┌──

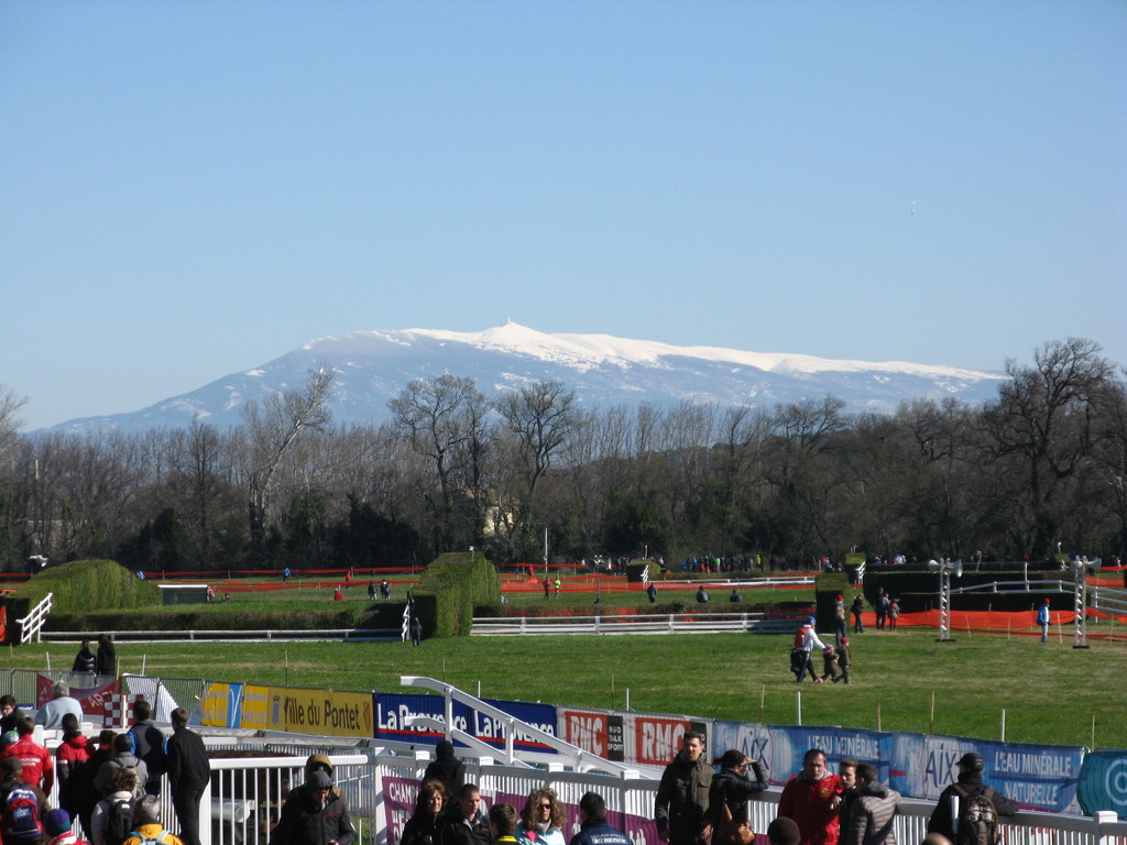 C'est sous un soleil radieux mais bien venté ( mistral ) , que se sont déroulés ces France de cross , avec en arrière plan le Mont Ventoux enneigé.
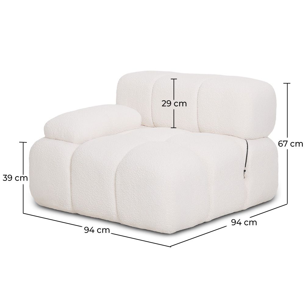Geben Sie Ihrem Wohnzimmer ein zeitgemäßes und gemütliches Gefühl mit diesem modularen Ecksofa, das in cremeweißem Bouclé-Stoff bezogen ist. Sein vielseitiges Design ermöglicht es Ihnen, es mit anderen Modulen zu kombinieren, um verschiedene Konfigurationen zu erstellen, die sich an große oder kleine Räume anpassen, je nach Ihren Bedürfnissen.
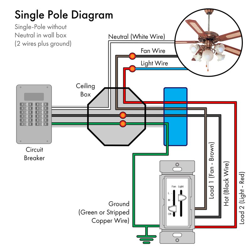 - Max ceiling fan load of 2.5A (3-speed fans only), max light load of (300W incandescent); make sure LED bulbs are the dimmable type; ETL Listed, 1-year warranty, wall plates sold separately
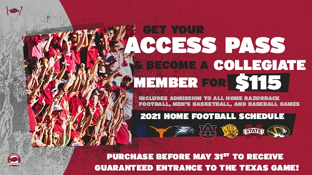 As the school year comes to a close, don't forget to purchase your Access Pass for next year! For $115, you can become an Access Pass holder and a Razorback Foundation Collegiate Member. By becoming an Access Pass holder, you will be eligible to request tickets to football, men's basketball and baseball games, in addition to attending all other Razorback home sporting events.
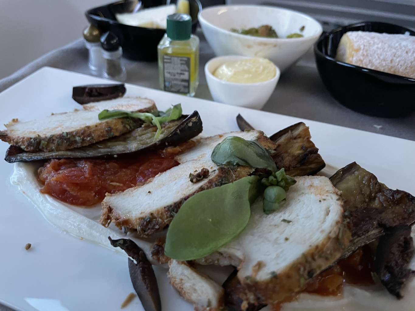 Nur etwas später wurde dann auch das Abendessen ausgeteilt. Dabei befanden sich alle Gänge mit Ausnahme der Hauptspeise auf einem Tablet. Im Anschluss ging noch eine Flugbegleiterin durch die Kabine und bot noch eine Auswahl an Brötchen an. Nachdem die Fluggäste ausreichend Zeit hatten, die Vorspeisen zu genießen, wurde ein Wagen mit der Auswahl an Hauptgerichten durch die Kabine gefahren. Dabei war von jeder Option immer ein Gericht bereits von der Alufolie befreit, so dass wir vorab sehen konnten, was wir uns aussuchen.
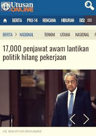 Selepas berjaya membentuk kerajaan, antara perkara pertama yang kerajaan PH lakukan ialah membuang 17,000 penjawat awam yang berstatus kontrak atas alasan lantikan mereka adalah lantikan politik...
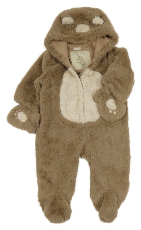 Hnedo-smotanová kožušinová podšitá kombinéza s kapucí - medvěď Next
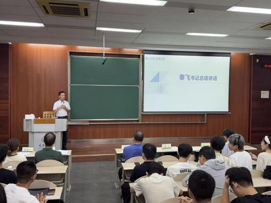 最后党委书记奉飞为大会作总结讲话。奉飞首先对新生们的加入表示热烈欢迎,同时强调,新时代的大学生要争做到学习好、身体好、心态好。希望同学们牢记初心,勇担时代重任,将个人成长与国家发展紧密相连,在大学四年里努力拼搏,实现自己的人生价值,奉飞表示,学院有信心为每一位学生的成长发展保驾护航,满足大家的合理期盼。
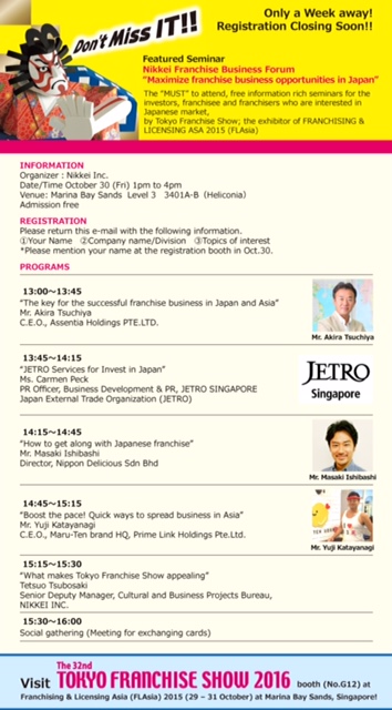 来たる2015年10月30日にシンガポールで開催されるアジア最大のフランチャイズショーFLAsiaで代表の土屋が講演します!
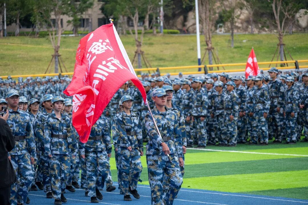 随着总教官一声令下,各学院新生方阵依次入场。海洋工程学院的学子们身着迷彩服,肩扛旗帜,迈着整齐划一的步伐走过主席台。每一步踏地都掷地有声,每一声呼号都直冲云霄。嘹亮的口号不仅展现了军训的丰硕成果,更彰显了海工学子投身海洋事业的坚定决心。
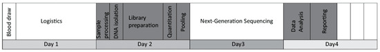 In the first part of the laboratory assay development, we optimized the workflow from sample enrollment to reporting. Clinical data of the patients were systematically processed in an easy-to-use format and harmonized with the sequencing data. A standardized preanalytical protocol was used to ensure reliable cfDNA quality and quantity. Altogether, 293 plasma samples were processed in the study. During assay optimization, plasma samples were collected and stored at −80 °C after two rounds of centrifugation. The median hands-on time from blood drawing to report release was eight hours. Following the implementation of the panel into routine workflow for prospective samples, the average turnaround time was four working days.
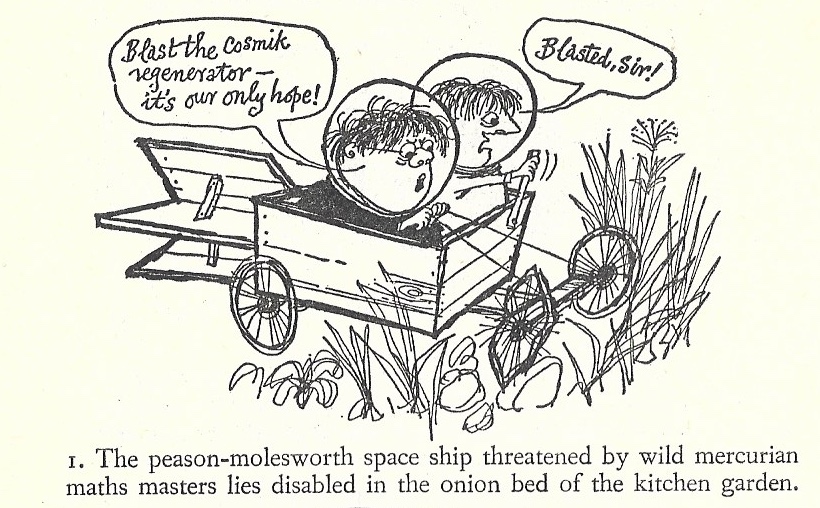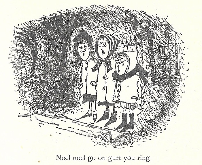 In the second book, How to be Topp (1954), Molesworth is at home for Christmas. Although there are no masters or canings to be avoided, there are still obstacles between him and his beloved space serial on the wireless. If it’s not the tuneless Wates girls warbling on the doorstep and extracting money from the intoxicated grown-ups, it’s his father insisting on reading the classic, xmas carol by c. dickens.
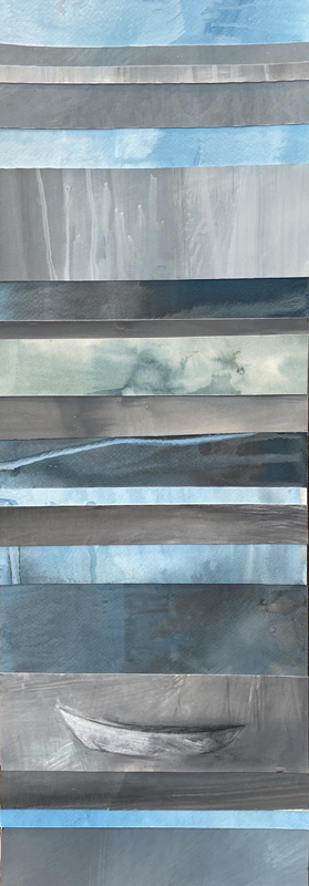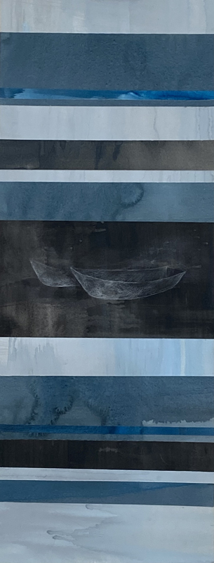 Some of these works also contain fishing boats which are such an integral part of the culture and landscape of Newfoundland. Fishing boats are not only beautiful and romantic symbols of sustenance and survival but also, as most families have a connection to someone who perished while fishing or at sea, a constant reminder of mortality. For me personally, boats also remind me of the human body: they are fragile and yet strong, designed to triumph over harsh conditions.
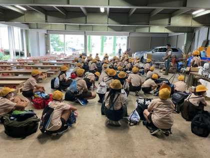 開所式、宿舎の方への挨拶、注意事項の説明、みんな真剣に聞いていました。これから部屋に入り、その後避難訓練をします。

└──

What needs to be done: Copy the lines above between the one holding "随着总教官一声令下,各学院新" and the one holding "In the second", inclusive. Drop the pictures.

Result for this exercise:
 随着总教官一声令下,各学院新生方阵依次入场。海洋工程学院的学子们身着迷彩服,肩扛旗帜,迈着整齐划一的步伐走过主席台。每一步踏地都掷地有声,每一声呼号都直冲云霄。嘹亮的口号不仅展现了军训的丰硕成果,更彰显了海工学子投身海洋事业的坚定决心。
 In the first part of the laboratory assay development, we optimized the workflow from sample enrollment to reporting. Clinical data of the patients were systematically processed in an easy-to-use format and harmonized with the sequencing data. A standardized preanalytical protocol was used to ensure reliable cfDNA quality and quantity. Altogether, 293 plasma samples were processed in the study. During assay optimization, plasma samples were collected and stored at −80 °C after two rounds of centrifugation. The median hands-on time from blood drawing to report release was eight hours. Following the implementation of the panel into routine workflow for prospective samples, the average turnaround time was four working days.
 In the second book, How to be Topp (1954), Molesworth is at home for Christmas. Although there are no masters or canings to be avoided, there are still obstacles between him and his beloved space serial on the wireless. If it’s not the tuneless Wates girls warbling on the doorstep and extracting money from the intoxicated grown-ups, it’s his father insisting on reading the classic, xmas carol by c. dickens.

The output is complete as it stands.